Apple reported record-breaking results again and its precipitous slide to doom could not be any more imminent.
“Apple’s best days are behind it, says top analyst” (Tip o’ the antlers to @BradSkid.)
Just hours before Apple is set to report quarterly earnings, one top Internet analyst said the tech company’s best days are behind it.
That’s great timing if you want to get on the news, not so good timing if you want to be accurate.
“Ehhh, I don’t have all the facts but I’m pretty sure I know what I’m twerking about. … Talking. I meant to say ‘talking’. What did I say?”
“The fear is that Apple is entering growth purgatory,” senior analyst Toni Sacconaghi of Sanford C. Bernstein said Tuesday on CNBC’s Halftime Report.
This is the fear we’ve had for almost 15 years and we’re sticking to our guns. It’s gotta be right eventually!
Sacconaghi got a question in during Apple’s quarterly conference call that more gently suggested the same thing. Cook’s reply?
I recognize that people can have their own models and so forth, but just to make it clear that I’m not agreeing with your point.

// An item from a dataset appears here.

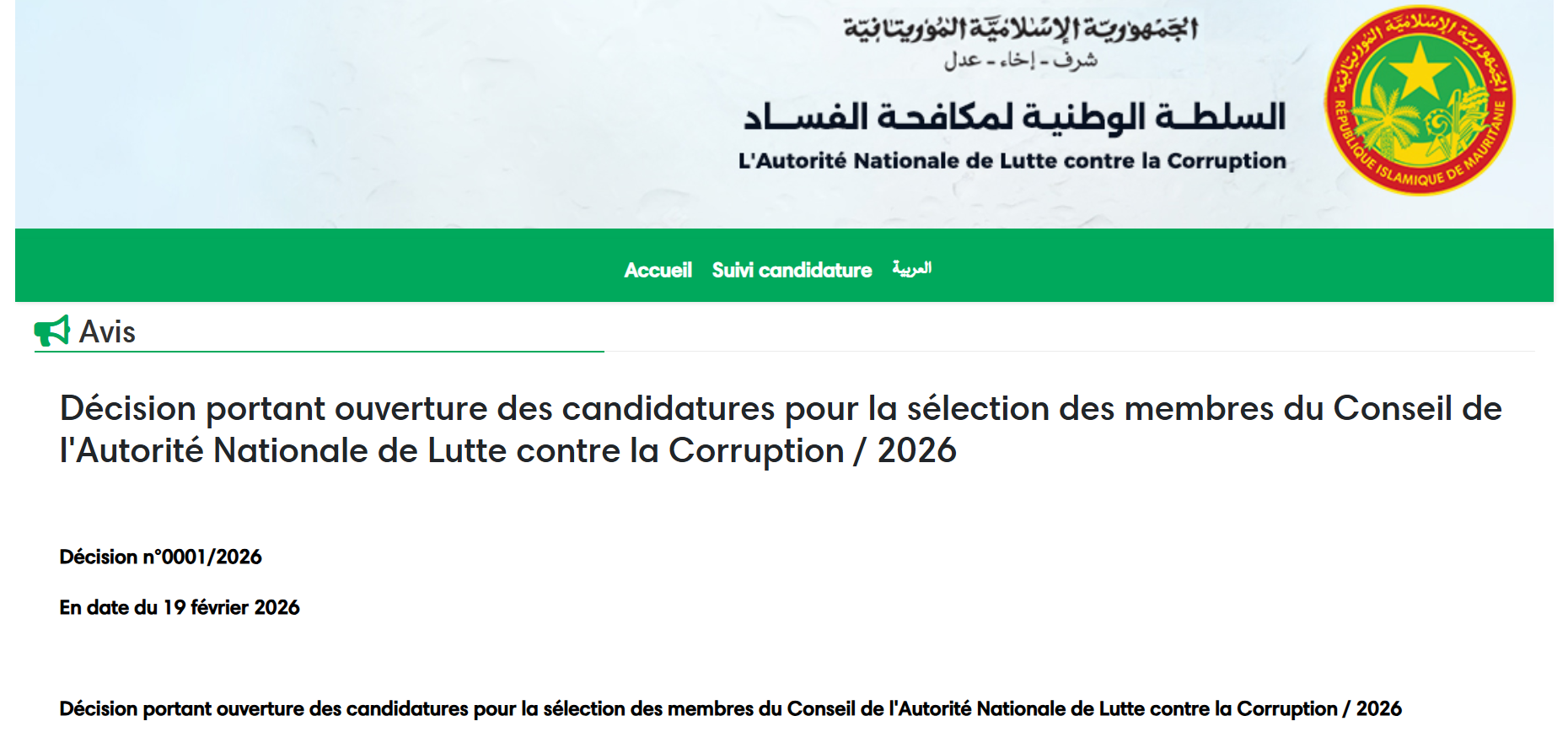 Décision portant ouverture des candidatures pour la sélection des membres du Conseil de l'Autorité Nationale de Lutte contre la Corruption / 2026

That’s CEO speak for “Don’t make me fly out there and literally give you a wedgie because I have my own plane and also a pair of gloves I use specifically for this purpose.”
Though he still believes the company will be a “moderate grower,” Sacconaghi told CNBC that Wall Street has already factored Apple’s decline into its math.
Apparently not everyone got Sacconaghi’s memo:
”Wall Street seems happy with Apple’s results, guidance”
Read the writing on the wall in the Sanford C. Bernstein men’s room, people.
“I think its best days are behind it,” Sacconaghi said. “The Street is discounting that Apple’s free cash flow will decline in perpetuity.”
It wasn’t exactly free cash flow. They did have to work for it.
The thing the Macalope doesn’t understand is that while people so repeatedly point out that Android has all the market share, they also seem to think there’s no place for the iPhone to go. These things are not immutable. But no matter how many times Tim Cook points out the switcher number or their incredible growth rates in emerging markets, they’re like “Tim, please! You’re only embarrassing yourself!” The Mac’s ability to grow shipments while the rest of PC market prematurely faces the slow heat death of the universe only falls on their deaf ears.
No, you’re right. Wall Street not getting Apple isn’t news.